- UK arcade flyer
- Developer: Konami
- Publisher: Konami
- Directors: Hiroyuki Ashida Tatsumi Sugiura
- Producers: Masayuki Ohashi Kazuya Tominaga
- Artist: Noriaki Isogai
- Composers: Masahiro Ikariko Masayuki Maruyama Goh Fujiwara
- Series: Castlevania
- Platform: Arcade
- Release: JP: February 2009; EU: 2009;
- Genre: Light gun shooter
- Modes: Single-player, multiplayer

= Castlevania: The Arcade =

2009 video game

Castlevania: The Arcade, released in Japan as Akumajō Dracula: The Arcade (悪魔城ドラキュラ THE ARCADE, Demon Castle Dracula: The Arcade), is an arcade game, part of the Castlevania franchise by Konami. The game was announced on July 23, 2008. The game was released in Japan on October 2, 2009. A European release was announced for 2009 but only appeared at test locations in 2008.

The games whip control and button layout resembled a heavier version of a Wii remote.

==Gameplay==
The gameplay is similar to light gun shooters such as The House of the Dead. Players utilize a special LED whip remote. The remote has two buttons. A top thumb button used to activate the whip, prompting players to swing the remote at the screen to damage enemies. A bottom button for the index finger is used to activate subweapons, such as knives or crosses. Subweapons are refilled by collecting hearts (up to 25) strewn about each stage in the form of destructible candles and wooden crates.

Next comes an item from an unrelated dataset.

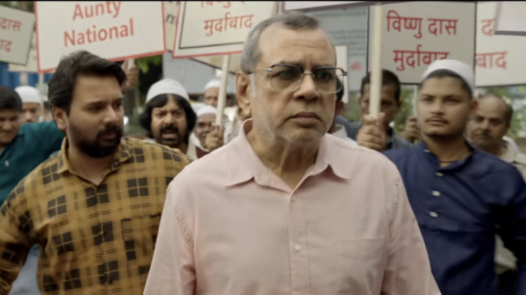 Vishnu Das (Paresh Rawal) is a state-approved tourist guide at the Taj Mahal in Agra for over 25 years. Barely eking out a living with his son Avinash (Namit Das, also a tourist guide at the Taj), he repeats the love story between Mughal ruler, Shahjahan and Mumtaz – whom the monument is dedicated to. When Vishnu’s drunken tirade about the ‘undiscovered truth’ about the Taj Mahal goes viral on social media, he’s terminated by a laughably suspicious-looking ‘Muslim’ management committee. In the film, the Agra tourist association is overrun by men in long beards, kohl-eyes and skull caps. Nothing specifies the film’s target audience quite like the keffiyehs worn by the men – who harass Vishnu and his family after he files a public interest litigation challenging the history of Taj Mahal.

Up to two players can play the game at once. Characters in the game include the Vampire Hunter, the Lady Gunner, and the Little Witch.

==Audio==
Castlevania: The Arcades soundtrack was released on Akumajou Dracula Best Music Collections Box, an 18-CD box set containing music from many Castlevania titles. The Arcades music was featured on Disc 17.